## TASK DETAILS
Among the entries below, find the line with "وينشر القاهرة 24،" and the line with "Семена цветов Виола". Return exactly those lines and every line between them, but no pictures.

BEGIN

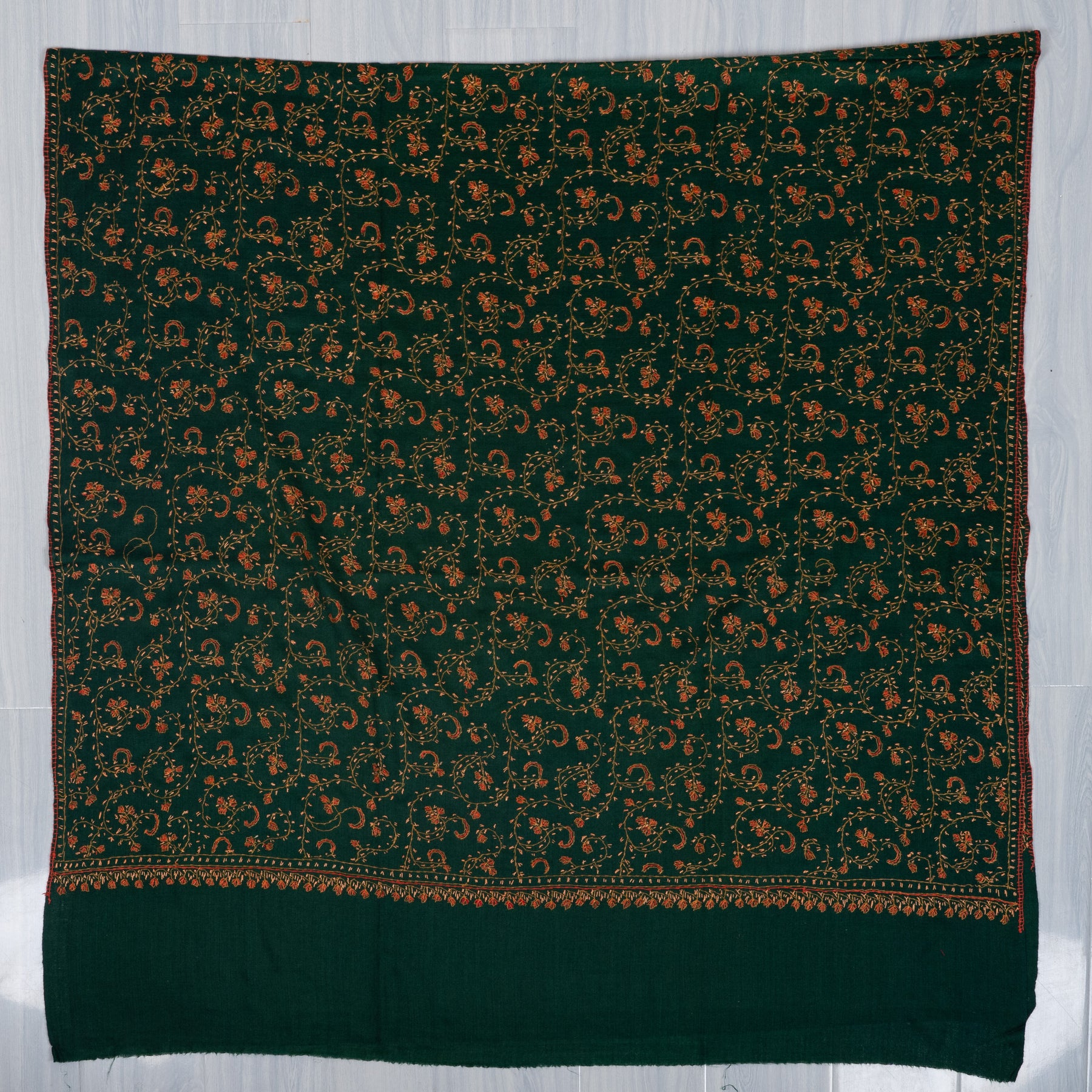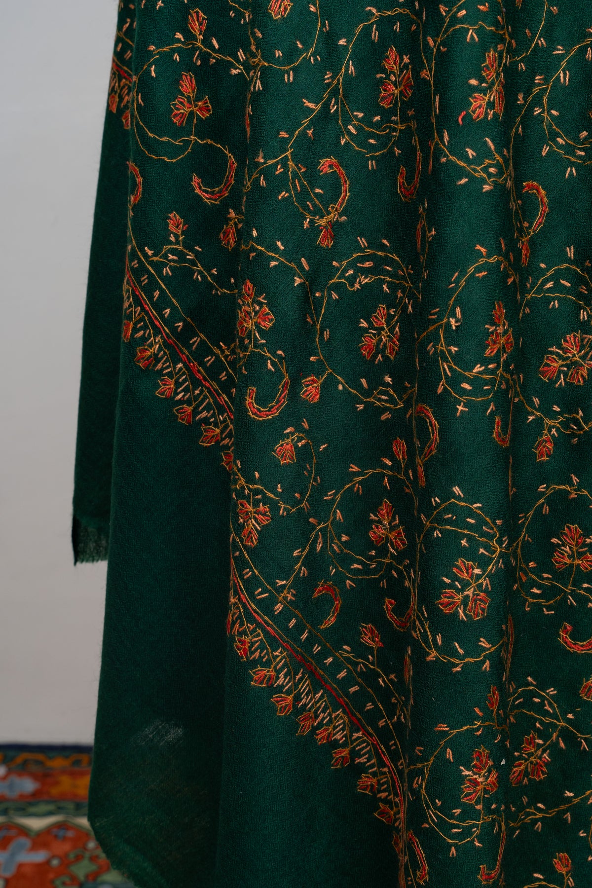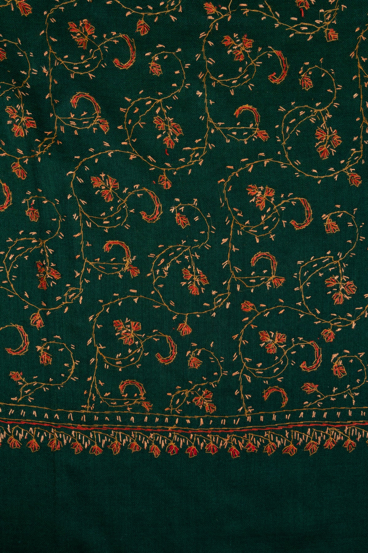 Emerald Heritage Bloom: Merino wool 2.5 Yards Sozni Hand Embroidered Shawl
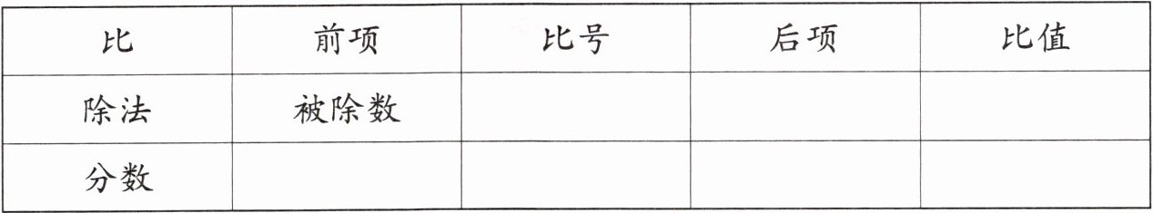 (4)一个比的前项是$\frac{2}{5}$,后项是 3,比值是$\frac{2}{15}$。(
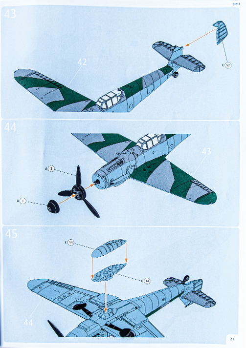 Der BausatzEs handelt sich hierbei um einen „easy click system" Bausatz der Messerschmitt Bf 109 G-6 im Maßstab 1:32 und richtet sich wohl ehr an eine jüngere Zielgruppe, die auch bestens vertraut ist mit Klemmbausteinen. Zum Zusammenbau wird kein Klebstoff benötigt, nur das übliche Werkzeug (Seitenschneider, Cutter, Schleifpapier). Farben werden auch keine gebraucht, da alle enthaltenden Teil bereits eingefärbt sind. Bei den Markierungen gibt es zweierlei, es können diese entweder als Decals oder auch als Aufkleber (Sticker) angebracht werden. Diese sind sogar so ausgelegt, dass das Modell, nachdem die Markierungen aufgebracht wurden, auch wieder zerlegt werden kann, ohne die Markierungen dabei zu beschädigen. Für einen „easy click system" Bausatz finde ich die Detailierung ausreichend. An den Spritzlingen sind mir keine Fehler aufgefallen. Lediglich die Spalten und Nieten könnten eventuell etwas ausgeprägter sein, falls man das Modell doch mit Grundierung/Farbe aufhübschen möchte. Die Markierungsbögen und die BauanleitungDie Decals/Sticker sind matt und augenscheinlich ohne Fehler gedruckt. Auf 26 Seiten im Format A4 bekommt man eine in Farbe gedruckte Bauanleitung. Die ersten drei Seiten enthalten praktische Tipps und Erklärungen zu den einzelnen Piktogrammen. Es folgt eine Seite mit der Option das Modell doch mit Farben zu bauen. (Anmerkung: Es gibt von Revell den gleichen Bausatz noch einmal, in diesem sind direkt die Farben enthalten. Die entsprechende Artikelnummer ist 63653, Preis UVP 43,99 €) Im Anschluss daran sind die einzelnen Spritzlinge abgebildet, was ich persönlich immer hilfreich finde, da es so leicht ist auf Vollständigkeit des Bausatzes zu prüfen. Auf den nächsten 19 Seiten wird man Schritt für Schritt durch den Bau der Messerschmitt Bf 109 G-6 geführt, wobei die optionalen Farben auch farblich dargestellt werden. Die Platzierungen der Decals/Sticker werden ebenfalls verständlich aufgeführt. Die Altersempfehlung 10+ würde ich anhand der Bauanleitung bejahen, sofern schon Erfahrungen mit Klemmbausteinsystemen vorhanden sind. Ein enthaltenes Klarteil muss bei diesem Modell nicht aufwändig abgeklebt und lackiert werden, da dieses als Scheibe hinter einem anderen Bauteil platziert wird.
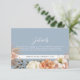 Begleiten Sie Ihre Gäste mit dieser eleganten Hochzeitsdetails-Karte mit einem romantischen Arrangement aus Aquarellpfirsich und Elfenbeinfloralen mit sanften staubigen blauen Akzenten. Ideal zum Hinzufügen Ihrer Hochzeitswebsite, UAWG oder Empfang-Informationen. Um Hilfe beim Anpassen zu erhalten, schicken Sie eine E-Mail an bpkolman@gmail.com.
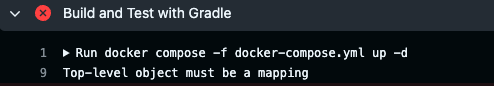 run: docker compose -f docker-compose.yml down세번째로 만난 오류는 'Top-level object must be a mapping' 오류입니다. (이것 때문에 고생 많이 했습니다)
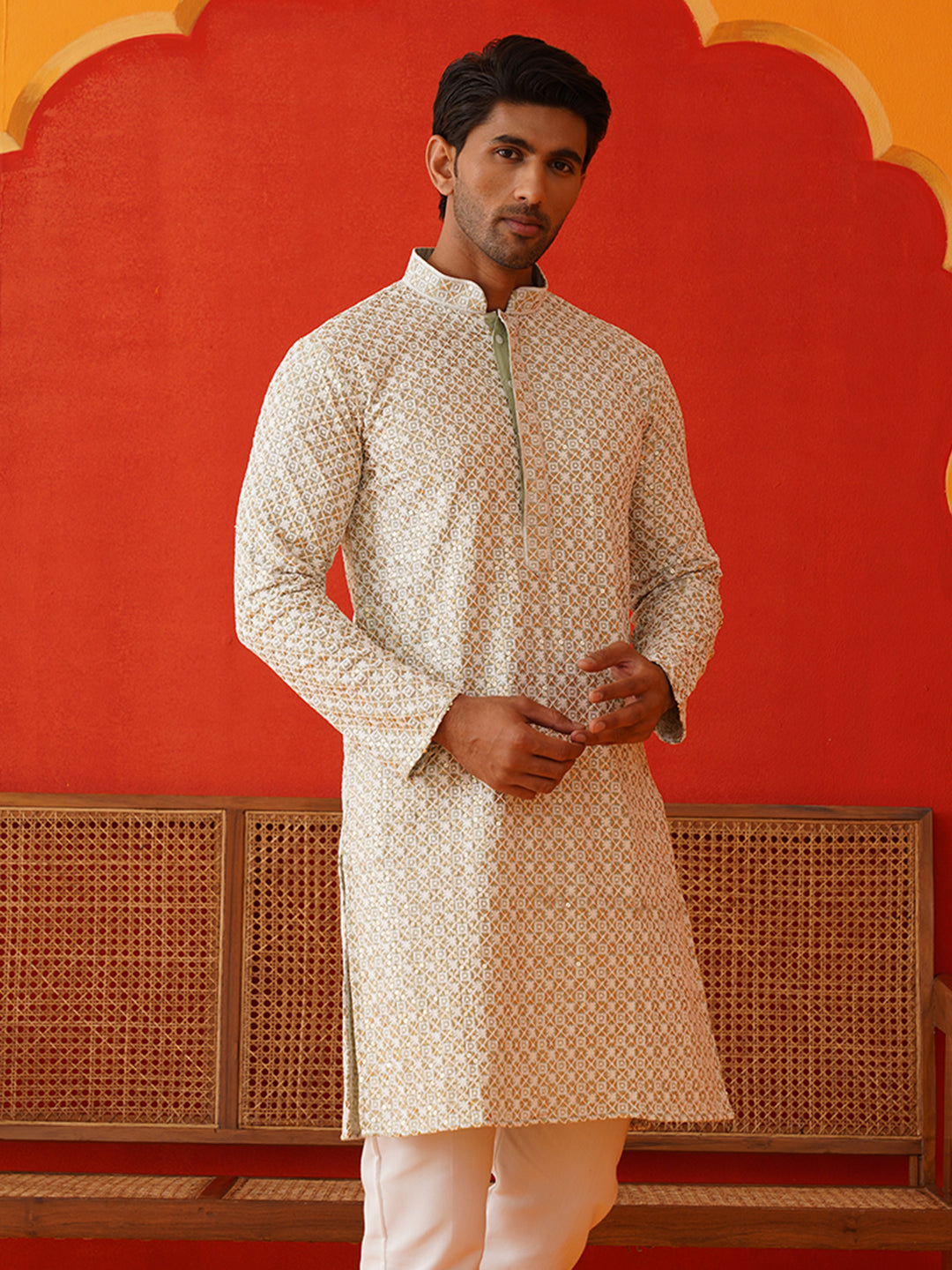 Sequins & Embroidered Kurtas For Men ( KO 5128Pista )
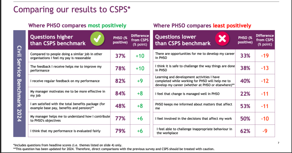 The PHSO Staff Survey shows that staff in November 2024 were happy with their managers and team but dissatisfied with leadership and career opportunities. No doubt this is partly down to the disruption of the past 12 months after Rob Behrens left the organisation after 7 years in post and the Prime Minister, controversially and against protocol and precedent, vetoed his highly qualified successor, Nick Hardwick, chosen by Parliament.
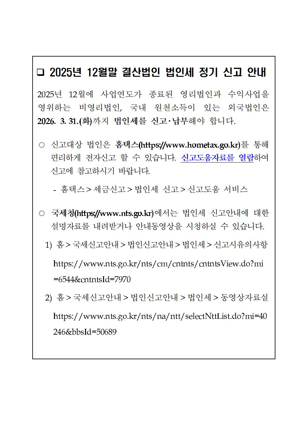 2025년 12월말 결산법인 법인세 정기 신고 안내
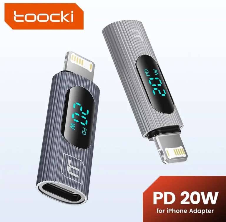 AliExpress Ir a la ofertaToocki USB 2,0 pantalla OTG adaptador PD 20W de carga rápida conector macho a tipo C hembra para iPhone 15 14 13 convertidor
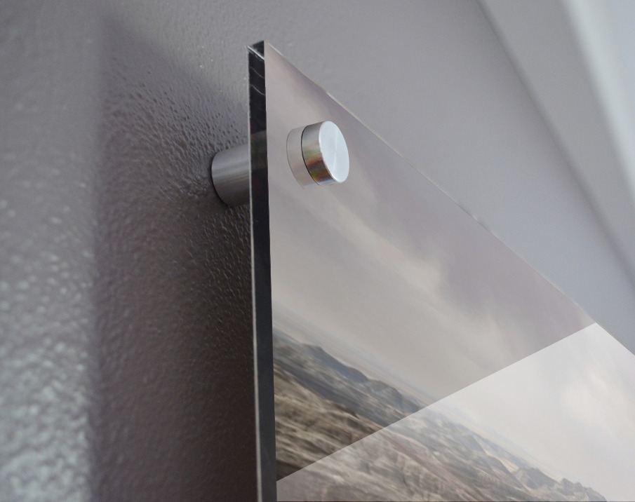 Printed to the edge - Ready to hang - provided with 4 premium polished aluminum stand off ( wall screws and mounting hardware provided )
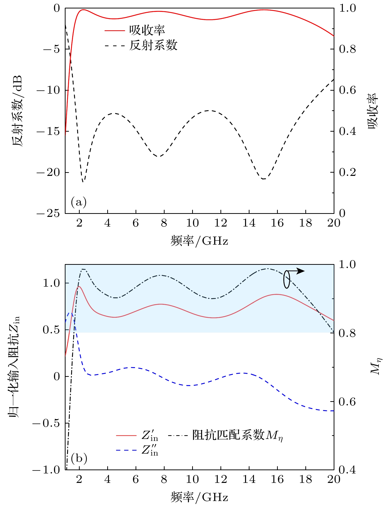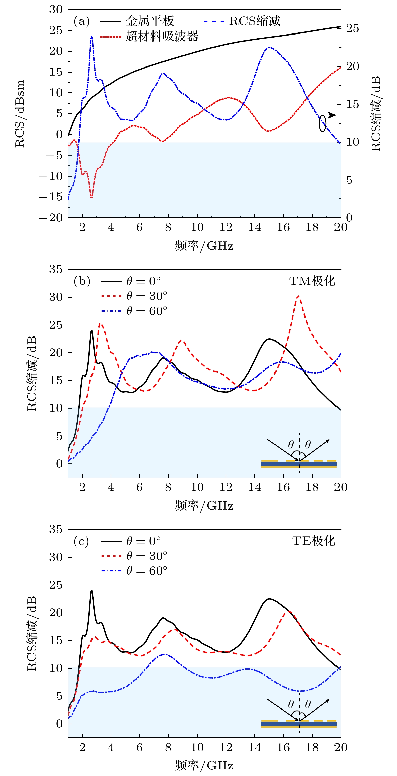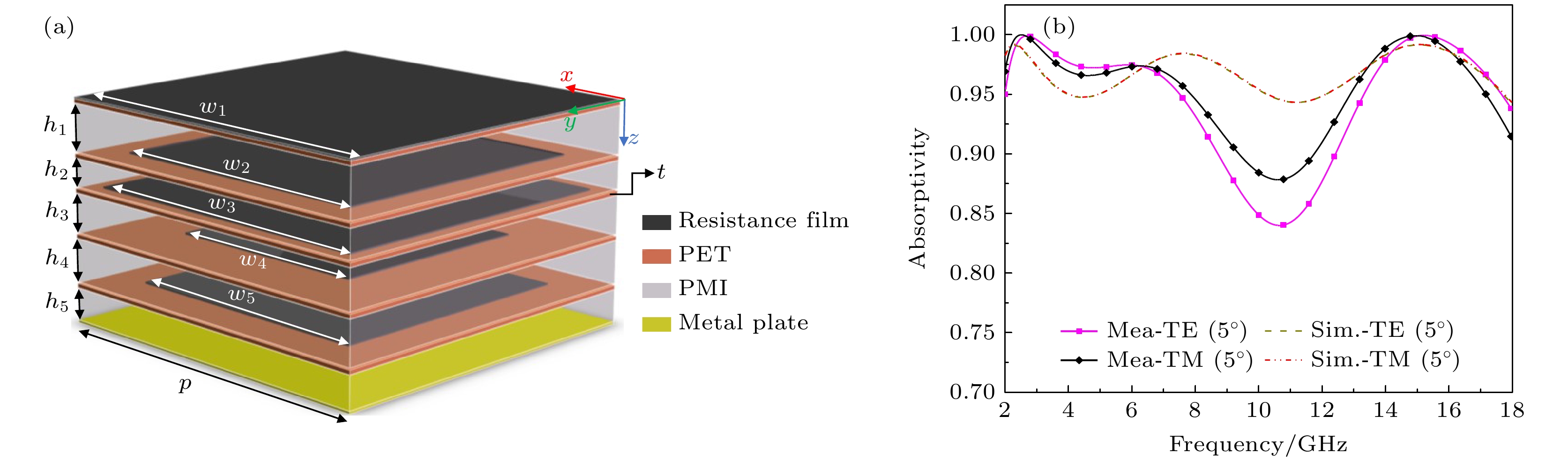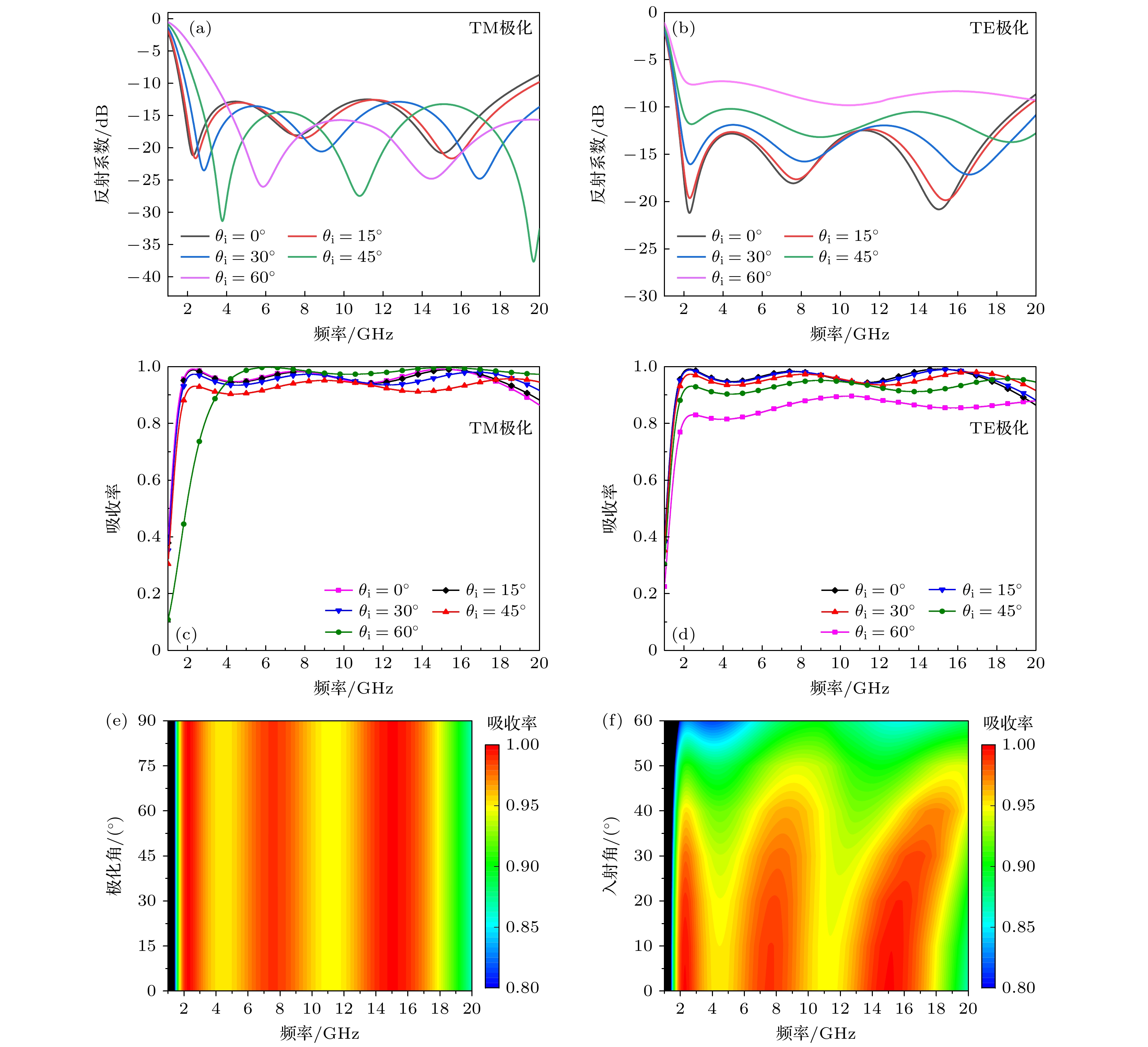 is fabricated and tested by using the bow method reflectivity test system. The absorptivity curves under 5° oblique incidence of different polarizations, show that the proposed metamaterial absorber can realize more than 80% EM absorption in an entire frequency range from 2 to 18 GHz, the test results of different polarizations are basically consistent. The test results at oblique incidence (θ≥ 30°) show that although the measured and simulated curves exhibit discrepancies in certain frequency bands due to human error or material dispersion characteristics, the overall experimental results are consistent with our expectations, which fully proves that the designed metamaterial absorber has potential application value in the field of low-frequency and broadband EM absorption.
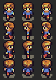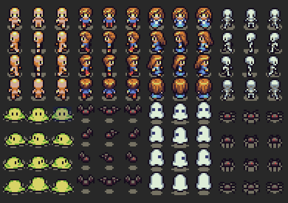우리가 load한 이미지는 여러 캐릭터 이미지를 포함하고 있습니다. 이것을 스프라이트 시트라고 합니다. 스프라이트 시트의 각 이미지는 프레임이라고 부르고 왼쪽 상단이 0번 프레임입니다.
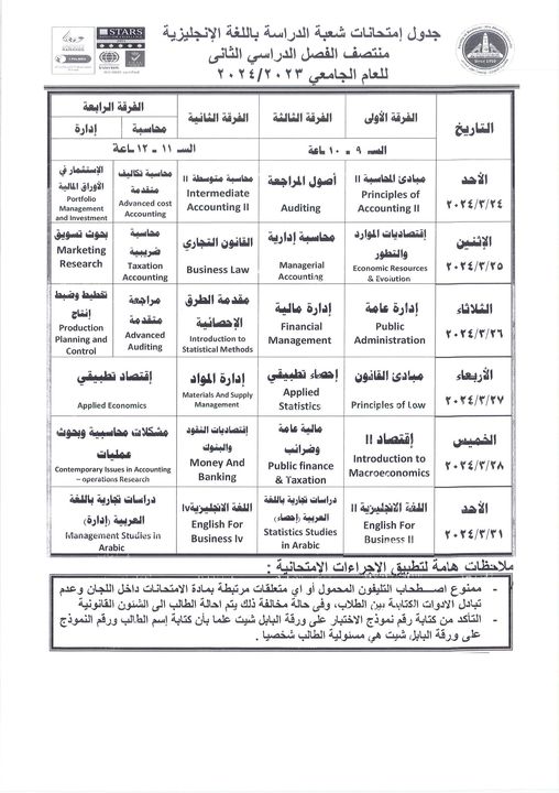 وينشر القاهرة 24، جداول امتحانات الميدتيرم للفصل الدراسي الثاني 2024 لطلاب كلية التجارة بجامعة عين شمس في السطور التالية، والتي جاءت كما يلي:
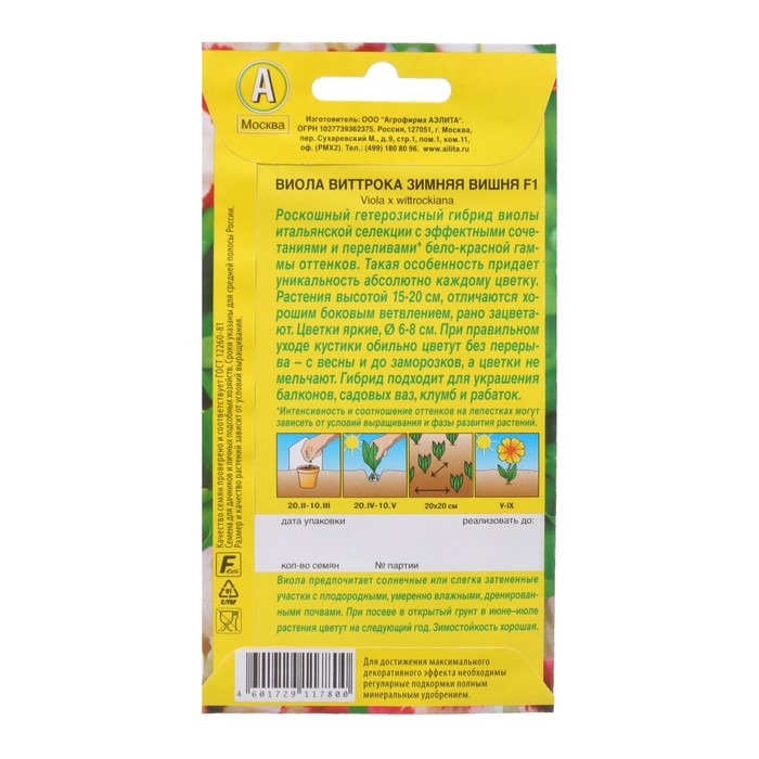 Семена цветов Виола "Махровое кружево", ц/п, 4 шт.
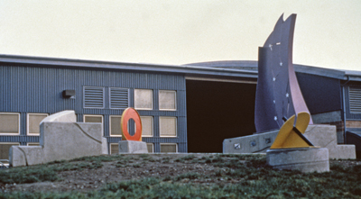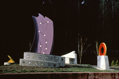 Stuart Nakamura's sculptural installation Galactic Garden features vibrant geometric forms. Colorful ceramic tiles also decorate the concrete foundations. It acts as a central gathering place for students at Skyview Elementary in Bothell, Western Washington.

END

## RESULT
 وينشر القاهرة 24، جداول امتحانات الميدتيرم للفصل الدراسي الثاني 2024 لطلاب كلية التجارة بجامعة عين شمس في السطور التالية، والتي جاءت كما يلي:
 Семена цветов Виола "Махровое кружево", ц/п, 4 шт.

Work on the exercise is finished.